Top of GIVEN ENTRIES
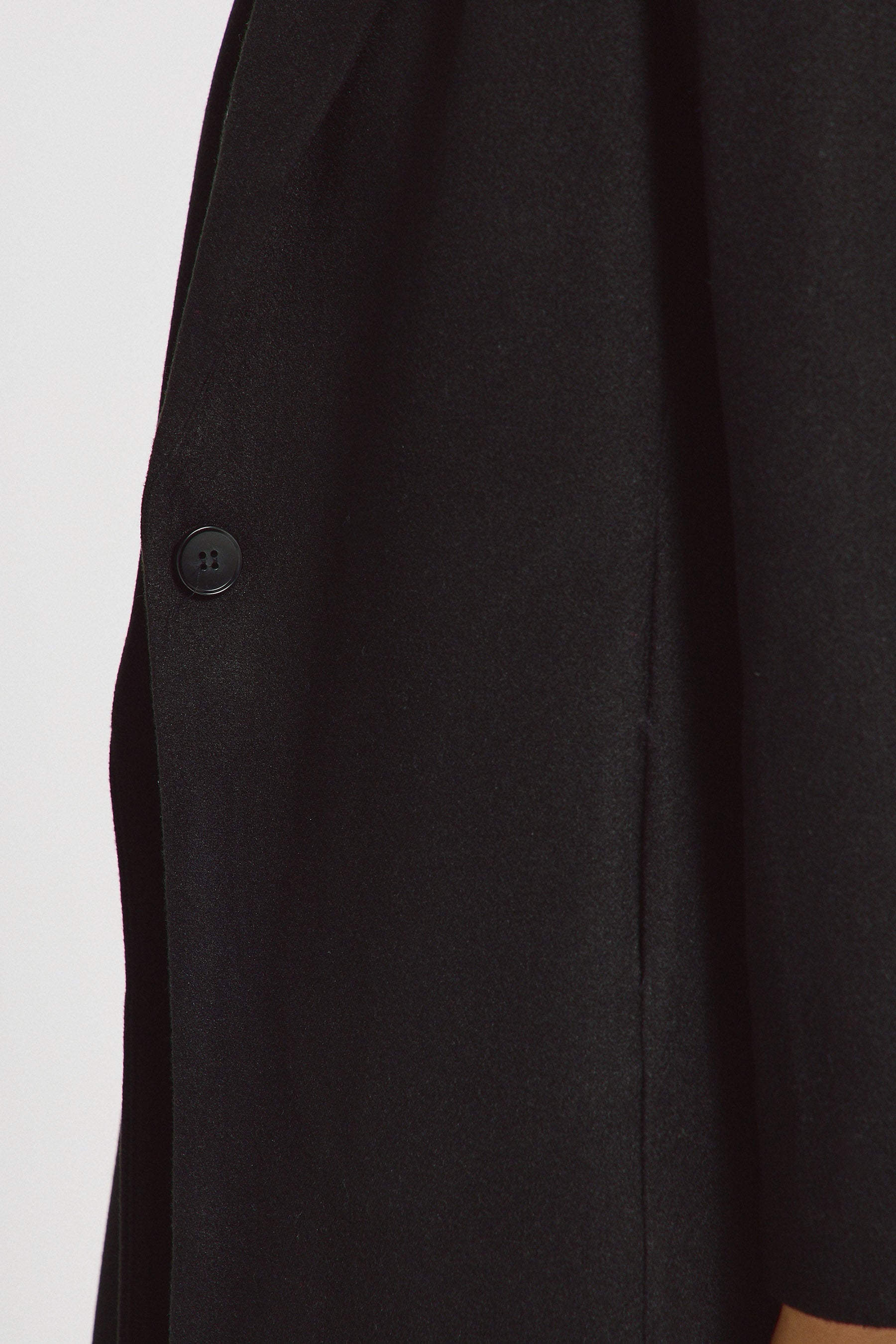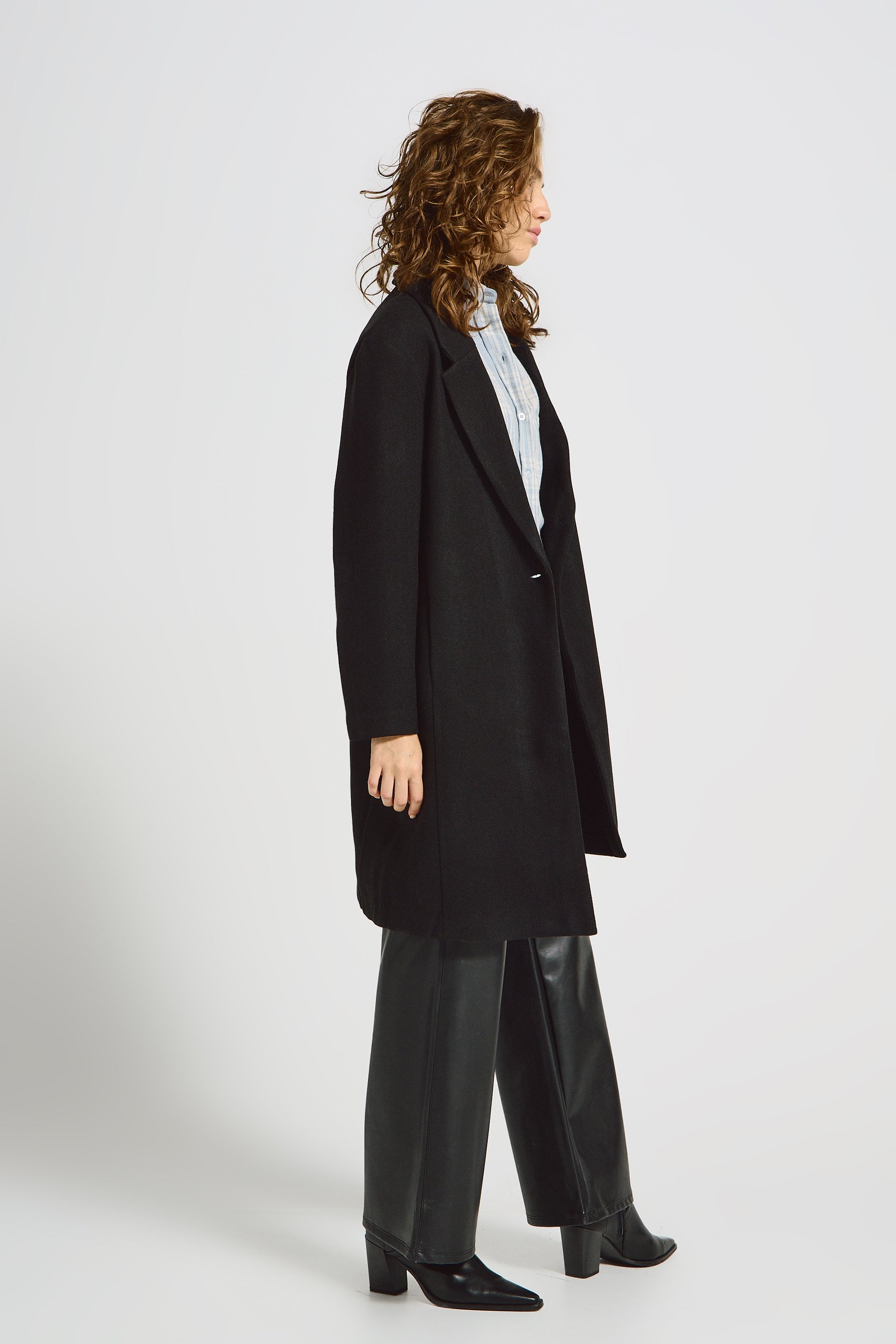 מעיל צמר טרנץ' בגזרת לונג ליין עם שרוולים ארוכים, צווארון שלבים וסגירת כפתור.
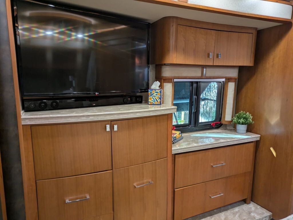 Both back slide upgraded to Vroom slides, Magna shades Front and side, 4 tv's (2 new), LED's, slide toppers, 1.5 bath, Solar.
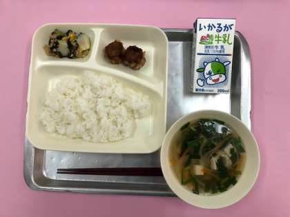 今日の給食は「ごはん、あげシューマイ、とうふのスープ、ツナとチンゲンサイのいためもの、牛乳」です。
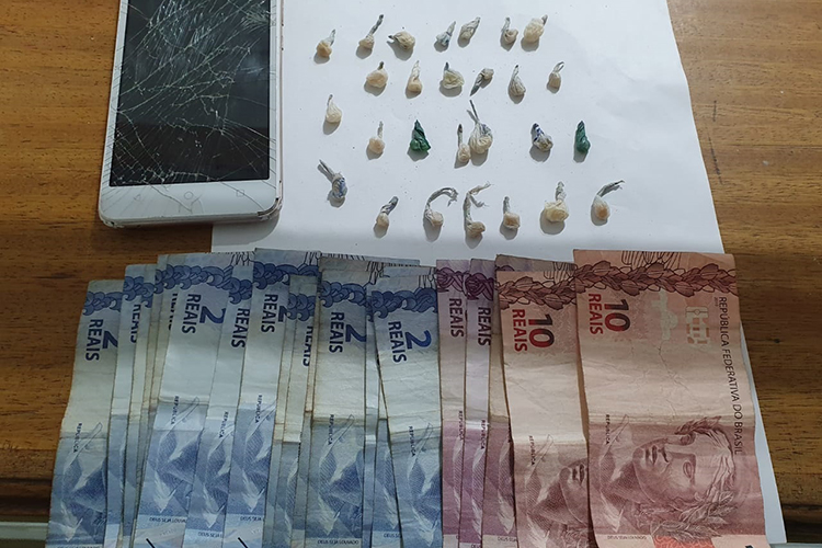 Com ela foram apreendidas 27 pedras de crack, um celular e R$ 69,00. A jovem acabou presa e encaminhada à Delegacia de Polícia para registro.
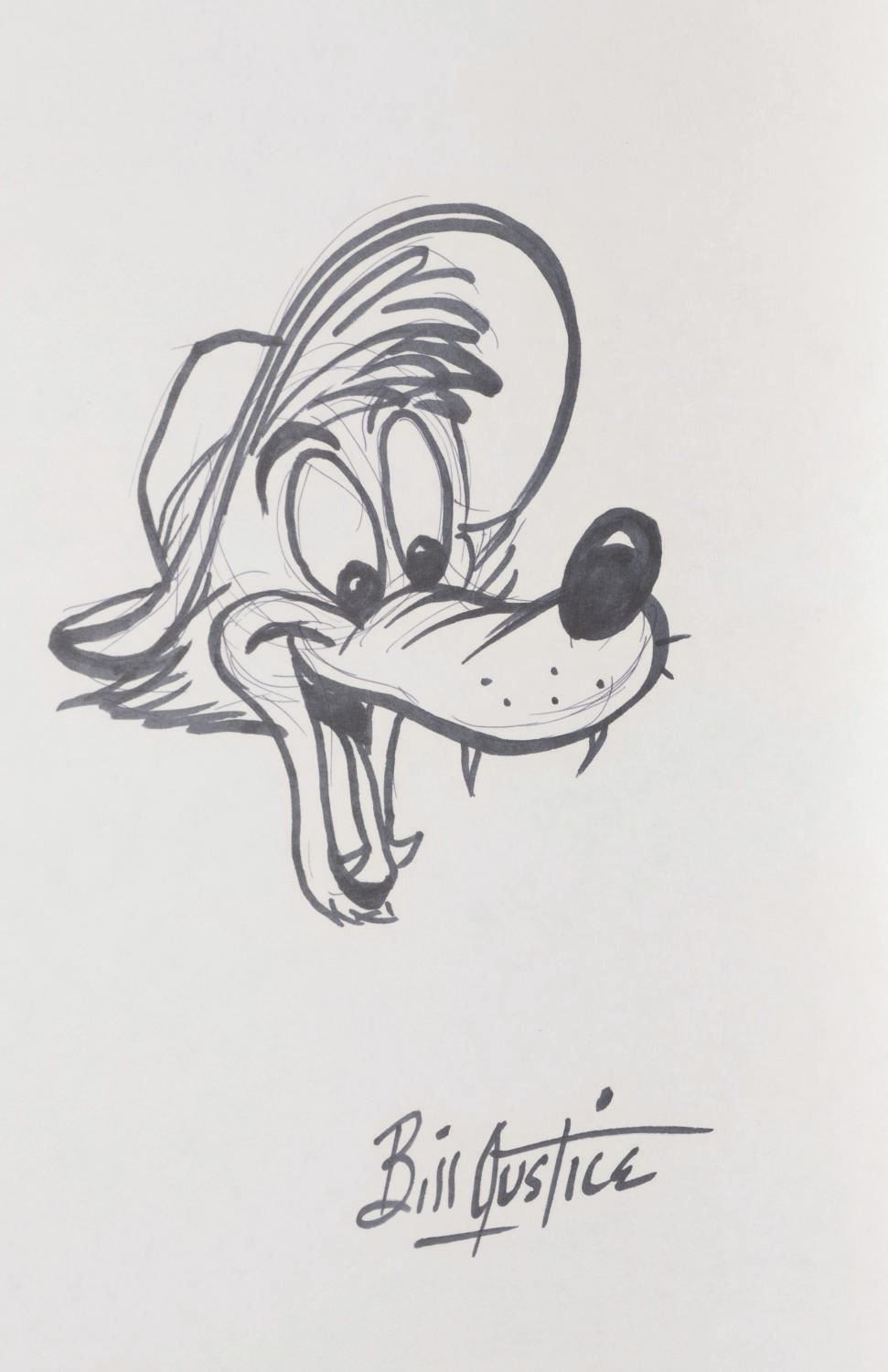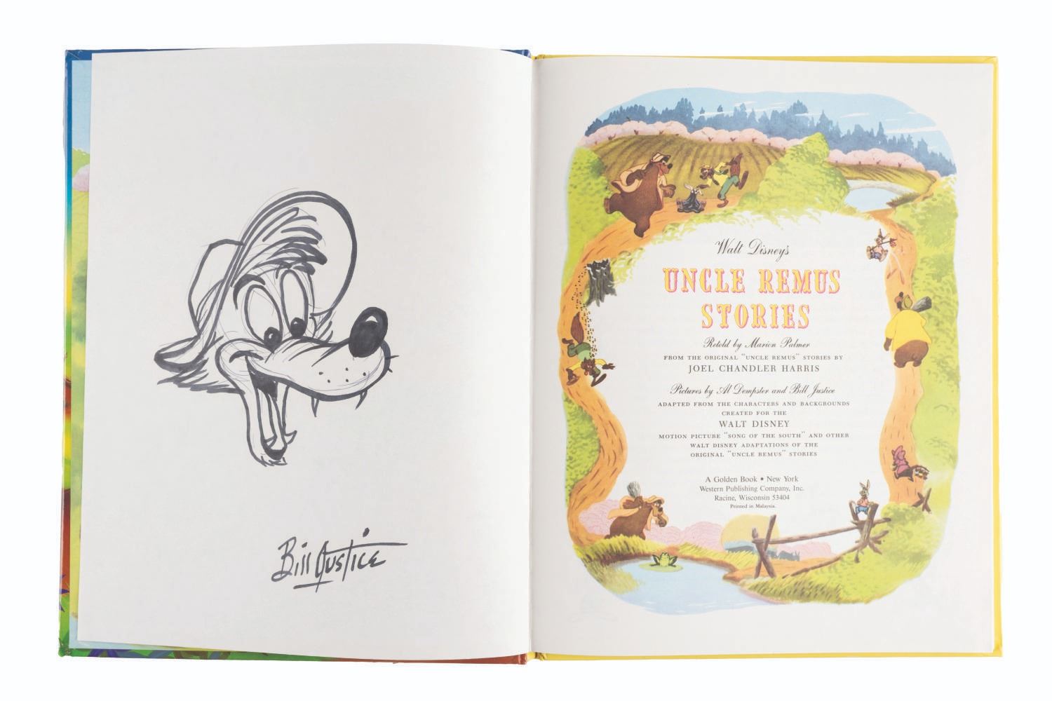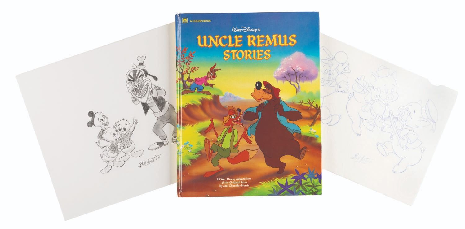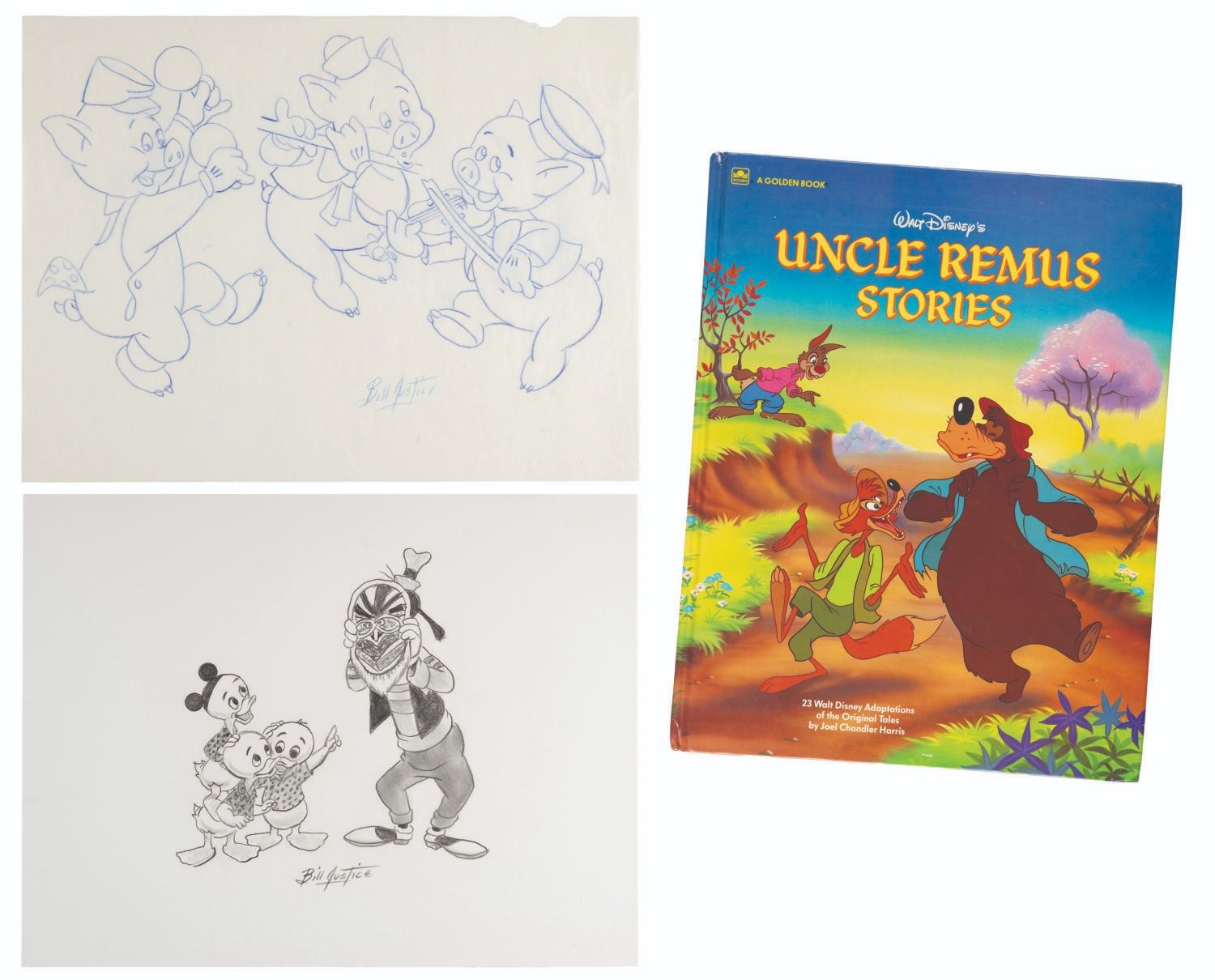(Disney/Justice, 1980s-90s) A signed Uncle Remus Stories Golden Book and a pair of drawings by Disney Legend Bill Justice. Justice signed the 92-page book with a sketch of Br’er Fox on the title page. The colored pencil and graphite drawings feature the Three Little Pigs, Donald’s nephews, and Goofy. The 10.25” x 13” book and the 9” x 12” and 11” x 14” drawings are in good to very good condition with scratches and wear on the book’s cover, light creases, and 1” of paper loss on the top border of the Pigs drawing.
Bottom of GIVEN ENTRIES
Find the line with "Both back slide" in the entries above. Set down exactly every line from it up to and including the line with "Com ela foram", images excluded.

- [OUTPUT]
 Both back slide upgraded to Vroom slides, Magna shades Front and side, 4 tv's (2 new), LED's, slide toppers, 1.5 bath, Solar.
 今日の給食は「ごはん、あげシューマイ、とうふのスープ、ツナとチンゲンサイのいためもの、牛乳」です。
 Com ela foram apreendidas 27 pedras de crack, um celular e R$ 69,00. A jovem acabou presa e encaminhada à Delegacia de Polícia para registro.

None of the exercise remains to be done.